Wedoso Wedoso - 4 months ago 38
Python Question

How to write multiprocessing python codes with dictionary and dataframe

I spent couple hours on multiprocessing coding on Python. After I read codes on document, I wrote codes below. My plan is to add values in two global dataframe together, and assign the result to a dictionary.

from multiprocessing import Process, Manager
import pandas as pd
import numpy as np
import time

def f(d):
for i in C:
d[i] = A.loc[i].sum() + B.loc[i].sum()

C = [10,20,30]
A = pd.DataFrame(np.matrix('1,2;3,4;5,6'), index = C, columns = ['A','B'])
B = pd.DataFrame(np.matrix('3,4;5,4;5,2'), index = C, columns = ['A','B'])

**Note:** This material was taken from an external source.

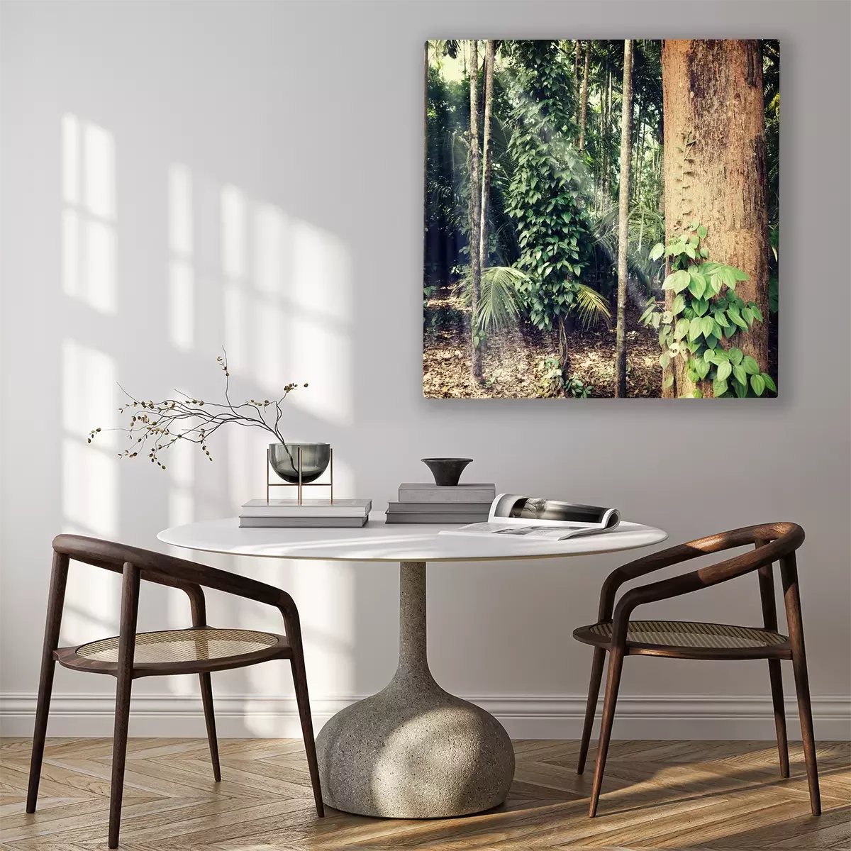 De print wordt aangebracht op hoogwaardig canvas dat op een schildersweefgetouw (spieraam) wordt gespannen. Omdat de print de zijranden bedekt, hoeft het ontwerp niet met een extra kader te worden omlijst. Wij raden ook composities aan die uit meerdere foto's bestaan en zo een coherente compositie vormen.

if __name__ == '__main__':
manager = Manager()
d = manager.dict()
d = dict([(c, 0) for c in C])
t0 = time.clock()
p = Process(target=f, args=(d,))
p.start()
p.join()
print time.clock()-t0, 'seconds processing time'
print d

d = dict([(c, 0) for c in C])
t0 = time.clock()
f(d)
print time.clock()-t0, 'seconds processing time'
print d


The result in my linux server is shown below, which is not my expect:


0.0 seconds processing time

{10: 0, 20: 0, 30: 0}

0.0 seconds processing time

{10: 10, 20: 16, 30: 18}


It seems the multiprocessing part didn't add two dataframes' values together. Could you guys give me some hints?

Thanks in advance.

Answer

Example here that you could adapt and which works:

https://docs.python.org/2/library/multiprocessing.html

You have you use a manager object to be able to share memory between processes.

In your example you create a dictionary using the manager but you kill it with a normal dictionary the line after

manager = Manager()
d = manager.dict()   # correct
d = dict([(c, 0) for c in C])  # d is not a manager.dict: no shared memory

Instead do this (tested, compiles)

d = manager.dict([(c, 0) for c in C])